Почти до полудня экипаж баркаса распарывал широкие матросские робы, сшивал их в одно полотнище и приспосабливал мачту.
Парус получился неважный; слабый ветер не мог его развернуть. Часа три он висел тяжелой, топорщившейся тряпкой, и только когда погода несколько посвежела, полотнище вздулось пузырем, и деревянный баркас, управляемый опытной рукой боцмана, кренясь, побежал по бормочущим волнам.
«Куда же нас занесло за ночь?» — озабоченно поглядывая по сторонам, думал мичман. По солнцу он без труда установил, где восток и запад. Однако для точности боцману необходим был хоть какой-нибудь ориентир на берегу.
А берег все не показывался.
По-прежнему всюду расстилалась безбрежная водная пустыня. «Пойти на юг? — размышлял мичман. — В Турцию попадешь… Там обязательно интернируют и в каталажку посадят. Свернешь на север — чего доброго, к Крымскому побережью выскочишь. Прямо в лапы фашистов угадаешь: где-нибудь на рее на утеху галкам будешь качаться. В темноте можно незаметно к берегу подойти и потом к партизанам пробраться. Но где их найдешь? По пещерам да в лесах они прячутся».

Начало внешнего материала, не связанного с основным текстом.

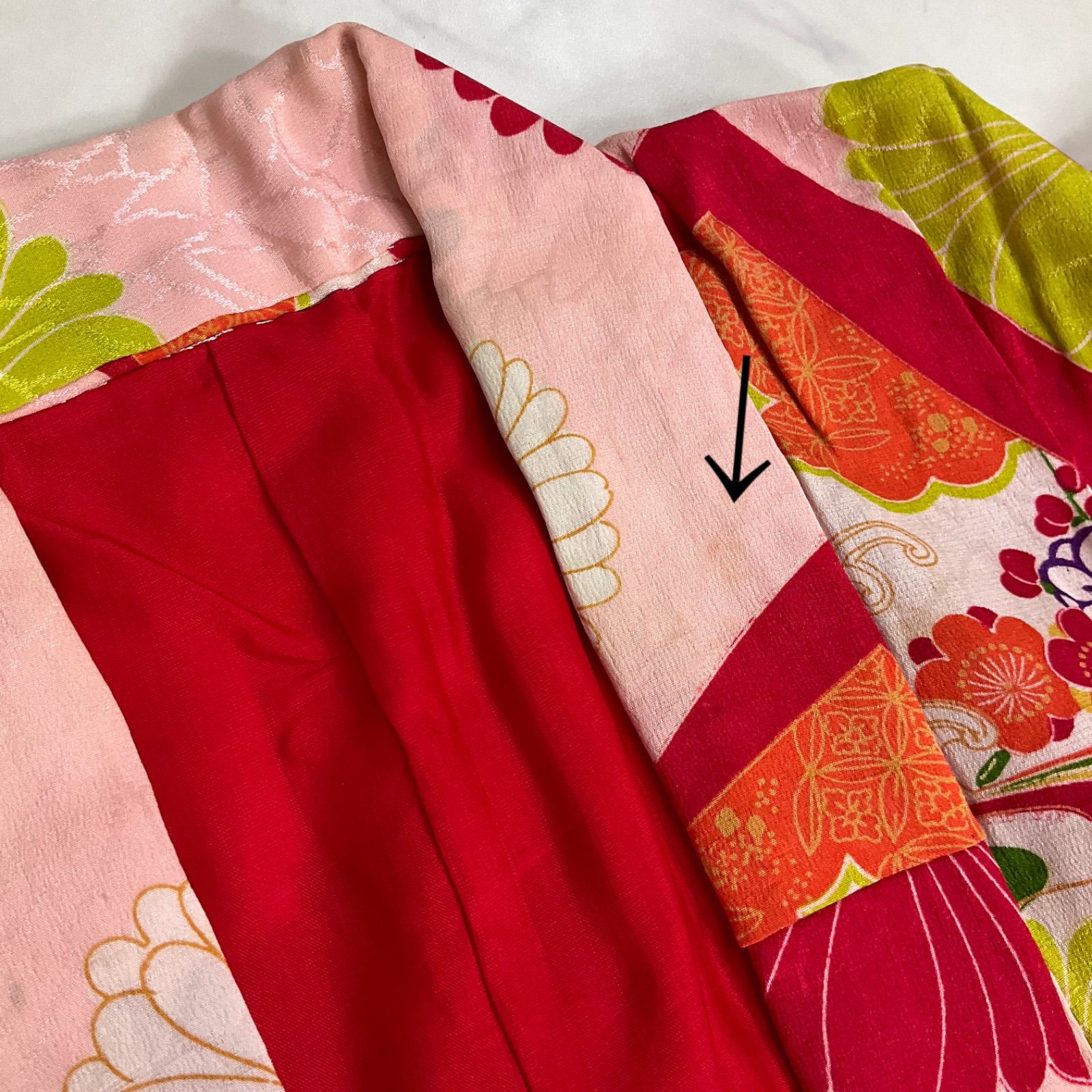 kimono one 7歳くらい用 アンティーク子供着物 綸子正絹 七五三 裄55 5肩丈144 七五三お詣り女の子着物こどものひお正月卒業式十三詣り G 312

Клецко знал, что в Крыму очень трудно было партизанить. Партизан ловили и гитлеровцы, и предатели.
Первое время крымские партизаны даже не имели связи с флотом и страной. Некоторые отряды, загнанные на голые скалы горных вершин, гибли от голода, зимних дождей и холодов. Только когда один из советских разведывательных самолетов разыскал небольшой отряд и совершил посадку на тесной горной площадке, они получили возможность связаться с командованием по радио.
Клецко слышал от товарищей, что теперь у партизан построен тайный аэродром и что к ним регулярно летают самолеты. Но водой связь не удалось наладить. Гитлеровцы бдительно наблюдали за побережьем. Только нескольким морским охотникам в прошлом году темной осенней ночью удалось снять с прибрежных скал группу вконец истощенных, больных и израненных людей.
«Да, Крым нам не годится, — рассуждал про себя мичман. — Можно двигаться лишь на восток, к Тамани или Кавказу. Других путей для нас нет».
Склонявшееся на запад солнце слепило глаза. От зноя на одежде выступила соль. Восьмеркин с Чижеевым хотели было снять с себя тельняшки, чтобы на свободе позагорать, но Клецко погрозил им кулаком:
— Не сметь! Обгорите.
Друзья уселись рядом под тень паруса. Сеня шепнул Восьмеркину:
— Я ночью катер-торпеду видел. Помнишь, модель у Тремихача? Точная копия!
— Не к добру, Сеня, когда на вахте сны видят: к карцеру или к отсидке на гауптвахте.
— Да не во сне, вот чудак! Наяву, самый настоящий катер.
— А почему мичману не доложил?
— Он же, вроде тебя, не поверит и придерется: «На вахте, мол, что-то вам сны часто показывают. Чепуху всякую видите».
— Тогда к чему ты все?
— А к тому, что берег, наверное, близко. Скоро за нами «мессеры» гоняться будут. Лучше было бы на север идти, к партизанам…
И, как бы в подтверждение его слов, раздался предостерегающий голос боцмана:
— Слева гидросамолет!.. Вали мачту, ложись!
Друзья прижались к борту баркаса и стали следить за фашистским гидропланом.
Самолет, видимо, натолкнулся на маслянистое пятно, оставленное погибшей подводной лодкой, и искал других следов кораблекрушения. Заметив баркас, он сделал горку и с ревом пронесся над головами притаившихся моряков. Затем летчик начал виражить вокруг дрейфующего судна и показывать рукой на север. Но черноморцы не отвечали на его сигналы. Самолет улетел.